Zino’s voice sounded far away. ‘There were seven of us at home: my parents, my eldest brother Mojalman, my big sister Yahanna, Meridan, Kerianna and me. Mo was fifteen. As crown prince he had his own rooms. My sisters slept in my mother’s wing, so Meri and I were dependent on each other.

‘One evening a strange maid brought us to bed. She said Ailas, who always cared for us, had fallen sick and that she was her replacement. We didn’t mind, Meri and I. What did we know? I was ten and he was eleven, my brother and my best friend. We were always together.’
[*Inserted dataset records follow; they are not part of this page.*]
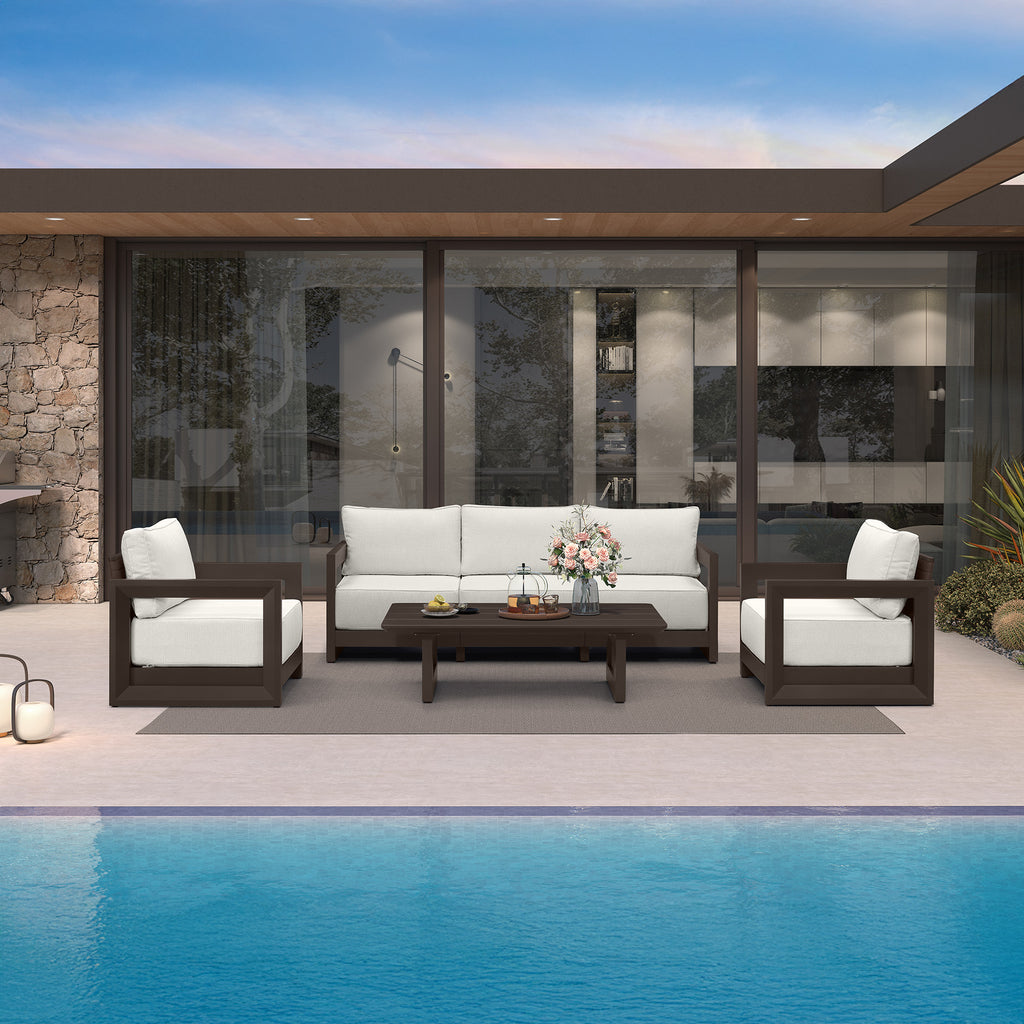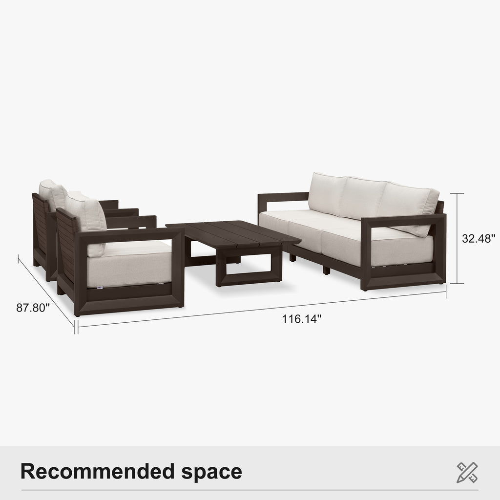 • [ Multifunctional Sofa Set ] This outdoor sofa set blends modern aesthetics with comfort, adding a stylish touch to your patio. Perfect for garden relaxation, pool parties, or patio relaxation.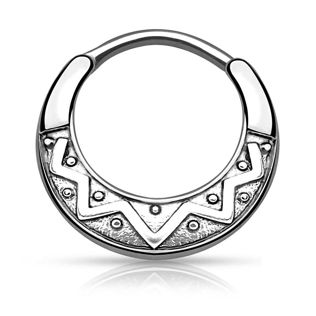 Pokud máte rádi zajímavé a unikátní šperky, potom jste nejspíš našli Váš další septum piercing. Tomuto typu šperku se říká septum clicker, protože má zavírání na zacvaknutí, a je tedy velmi jednoduché ho nasadit i sundat. Tyčinku stačí vycvaknout, protáhnout piercingovou dírkou, a zacvaknout zpátky na místo.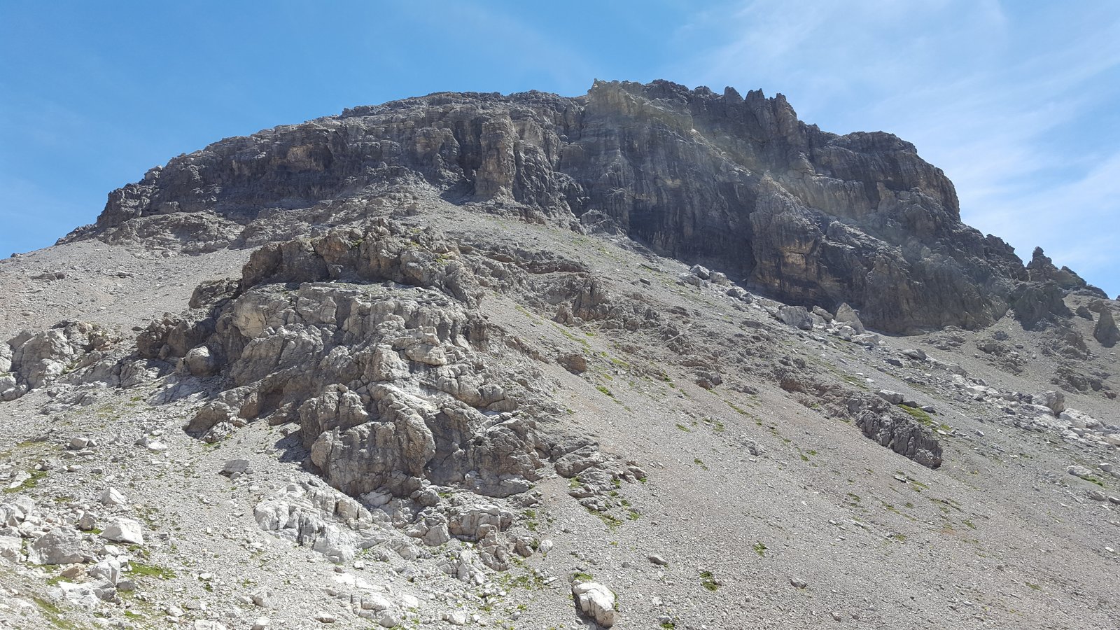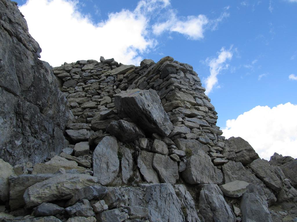 Usciti dalla galleria riprende il sentiero, tra roccette e detriti (attenzione al fondo un po’ scivoloso) e superati alcuni tratti con muretti e trincee si perviene all’ampia cima con la croce, sono presenti molte opere belliche, tra cui un’altra galleria che collega i versanti nord-sud della montagna.

Zino’s face twisted at the painful memories. ‘The new maid gave us both a pill. She said they were to prevent us from getting sick as well. Yes, that’s what she said. Only it was a sleeping pill and when I awoke, it had all happened. A black-leather murderer had killed my father and burned down half the palace. My mother and her people had rescued Mo and me from the flames just before the roof collapsed. Meridan? Something in that pill had poisoned him. Meri was dead.’ The prince bowed his head and for a while silence hung over the table.

‘The golems?’ Ghyll asked finally.

Zino looked at him with moist eyes. ‘Fled. They were invulnerable, the reports said. No sword or bow had been able to kill them. Funny really,’ he said, while the tears ran down his face. ‘At home we never speak of it. We’re not used to getting this personal in Opit. Yet now, with people I’ve never seen before, it’s a relief to do so.’

He rubbed the tears from his cheeks. ‘My mother never managed to discover who was behind the killings.’ He looked up. ‘Can you imagine my shock when Duke Kyssander told me of those golems? It sounded so similar. They must have been the same creatures and I had never heard of them or of this Dar’khamorth.’

Bo laughed without joy. ‘In Rhidauna we first encountered the name Dar’khamorth a few years ago,’ he said. ‘Uncle Jadron told me of some sorceress who had a change of heart and converted to Kathauna. From her we learned that an order of falmages existed, styling themselves successors to the Revenaunt’s Hamorth.’

‘Falmages, is that how you call them?’

Ghyll shrugged. ‘Falmages, fallen or dark mages; they’re not just the Dar’khamorth, but also everyone dabbling in forbidden magic. Officially they’re called sorcerers.’

At that moment, a footman looked in. ‘There is a Major Tibaun for you, my lord.’

‘Take him to my room, I’m coming. I’m sorry, Zino,’ Ghyll said. ‘I need to see that man about the strange death of my family.’

Zino looked at him, shocked. ‘Were they too…?’ He blushed and did not finish his sentence.

Ghyll looked grim. ‘I don’t know if it was murder. That’s what I want to find out.’

‘Go quickly, you can tell me later. I’ll be fine here.’ The prince smiled at Olle and the other Companions. ‘In Mandaba I have only subjects, no one to just talk to.’